© JUNGE FREIHEIT Verlag GmbH & Co.  www.jungefreiheit.de    42/00 13. Oktober 2000

 
Freiheit statt Einheit
von Moritz Schwarz

Joschka Fischer gebührt Anerkennung für seinen mutigen Vorschlag, den deutschen Nationalfeiertag vom bürokratisch-aseptischen 3. Oktober auf den vibrierend-lebendigen 9. November zu verlegen.

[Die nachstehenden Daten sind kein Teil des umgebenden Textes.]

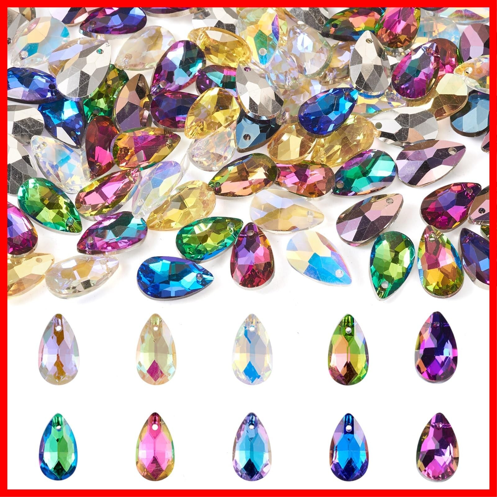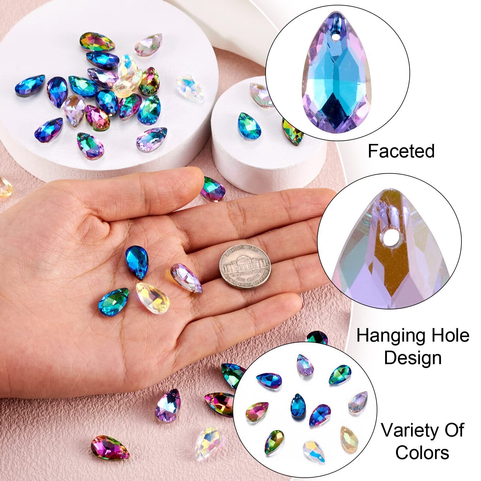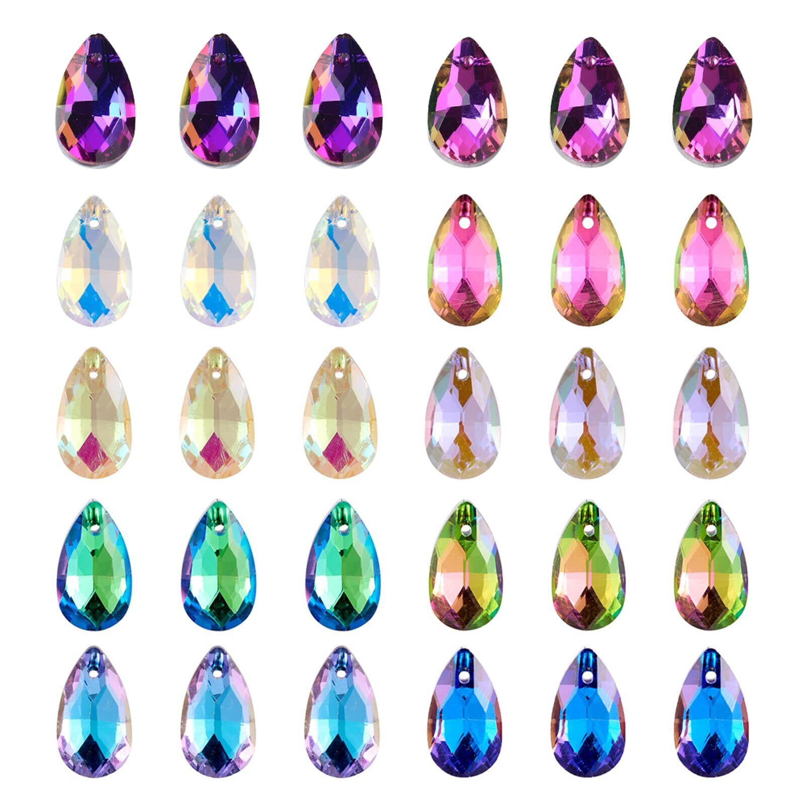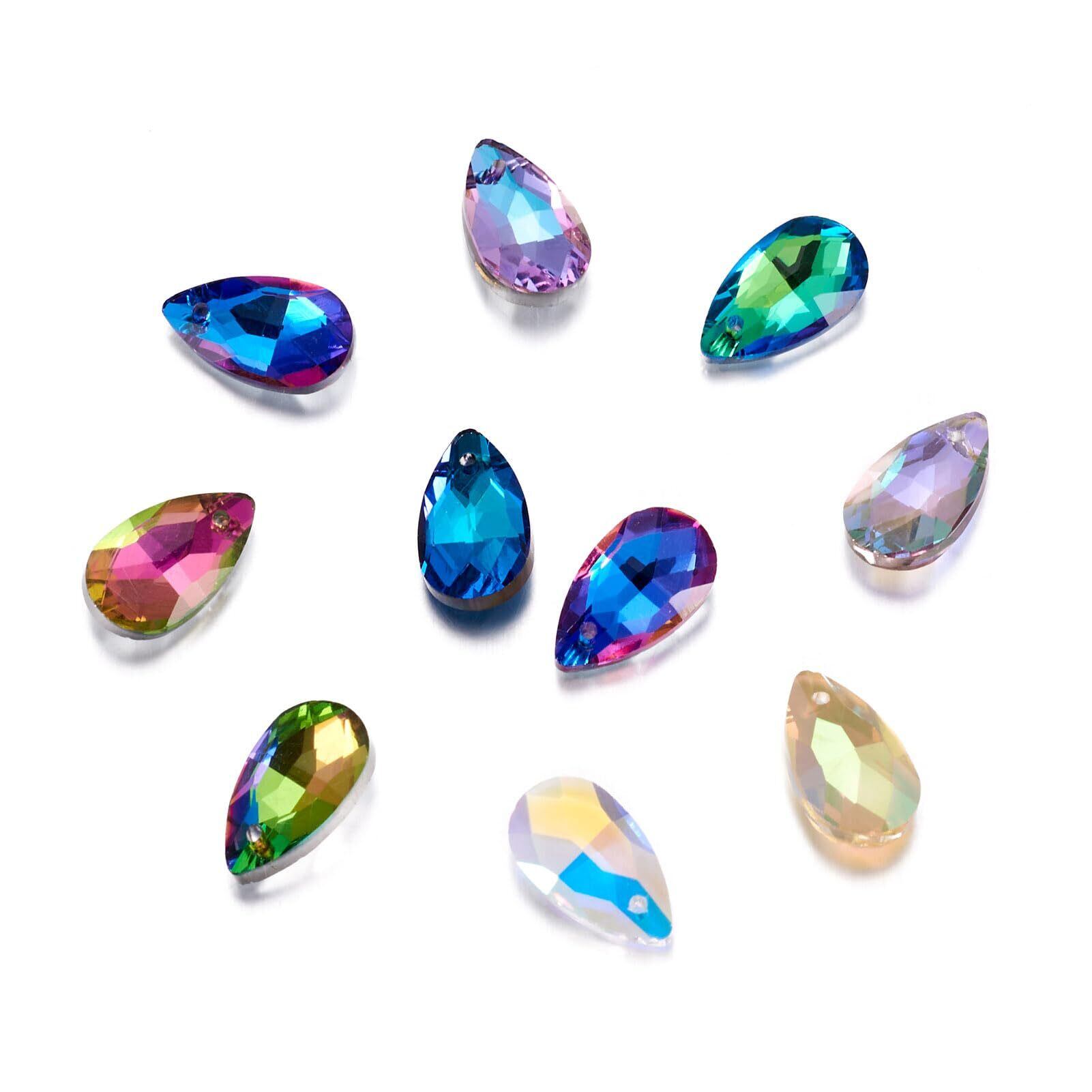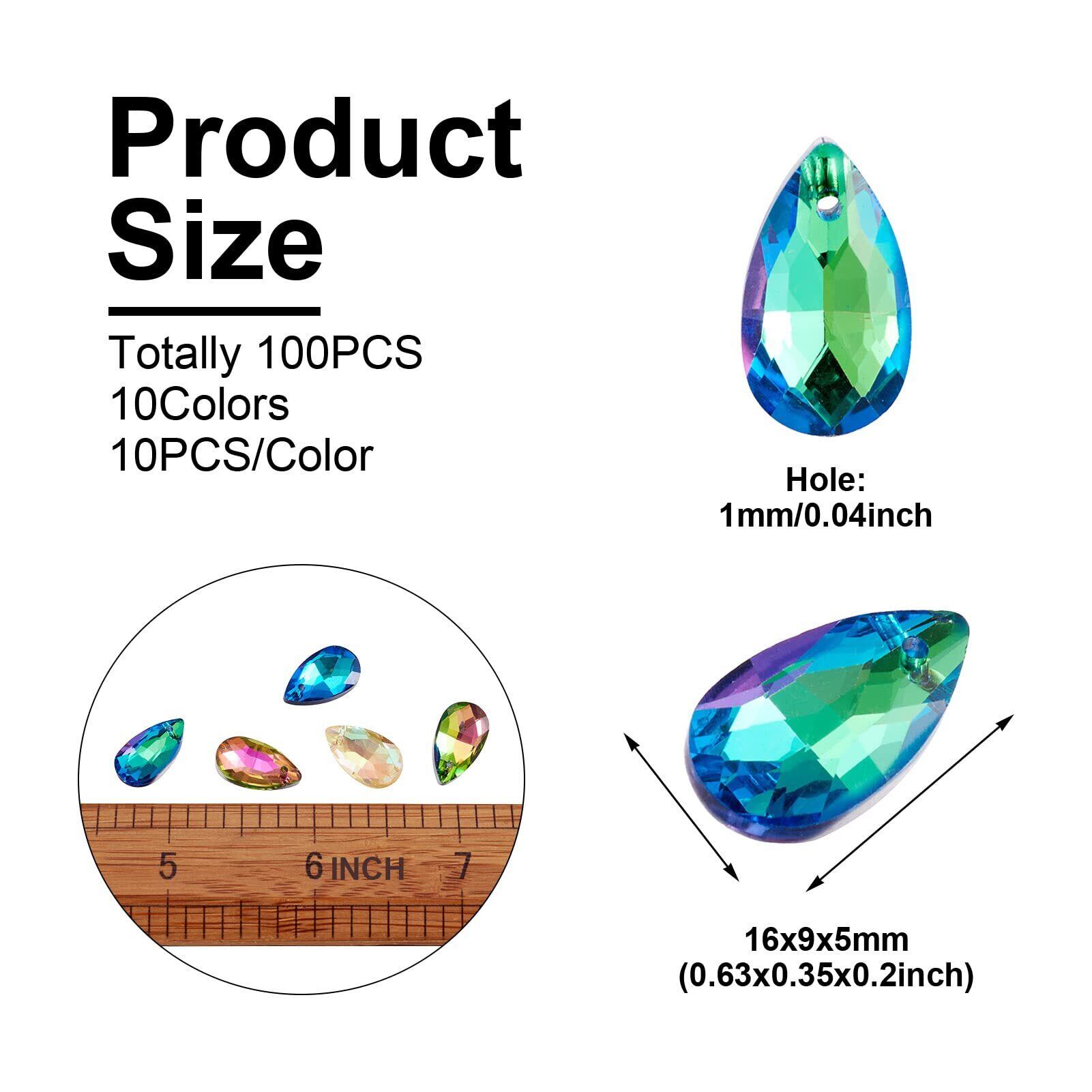 Beadthoven 約100個/箱 10色 しずく型 雫形 ガラスペンダント 多面カット サンキャッチャー キラキラ ガラスストーン チャーム ビーズ アクセサリーパーツ ジュエリー用 DIY ハンドメイド 手芸材料 手作り素材 クラフト用品 16x9x5mm | hananoki

Daß an diesem Tage, zweiundfünfzig Jahre zuvor, die "Reichskristallnacht" stattgefunden hatte, verhinderte vor zehn Jahren dessen Ernennung zum Nationalfeiertag der Deutschen. Angesichts der üblichen Verengung deutscher Geschichte auf die zwölf Jahre der nationalsozialistischen Diktatur konnten selbst im Augenblick des Mauerfalls die verhärmten Seelen der bundesdeutschen Bedenkenträger sich nicht einfach über den 9. November als nun mal "von der Geschichte" ausgewählten Tag der deutschen Einheit freuen. Dabei hätte sich selbst unter dem gewichtigen Gesichtspunkt der undeutschen Judenhatz von 1938 der 9.November zum nationalen Feier- und Gedenktag geeignet. Tut doch der Schwur auf die Einheit der Nation gerade in Erinnerung an eine Zeit not, in der die Einheit des deutschen Volkes von zur Macht gelangten ideologischen Spaltern entzweigelogen wurde.

Doch so überzeugend Fischers Vorschlag eigentlich ist, gilt es doch dessen unterschwellige Motive zu bedenken. Im Zuge des Zeitgeist-Bemühens, die deutsche Einheit zu entnationalisieren, droht mit einem 9. November als Feiertag eine Umwertung dieses Tages: "Mauerfall" soll künftig in erster Linie mit "Freiheit", statt mit "Einheit" assoziiert werden. So will Fischer, bewußt oder unbewußt das ideologische Problem "deutsche Einheit" unbemerkt entsorgen.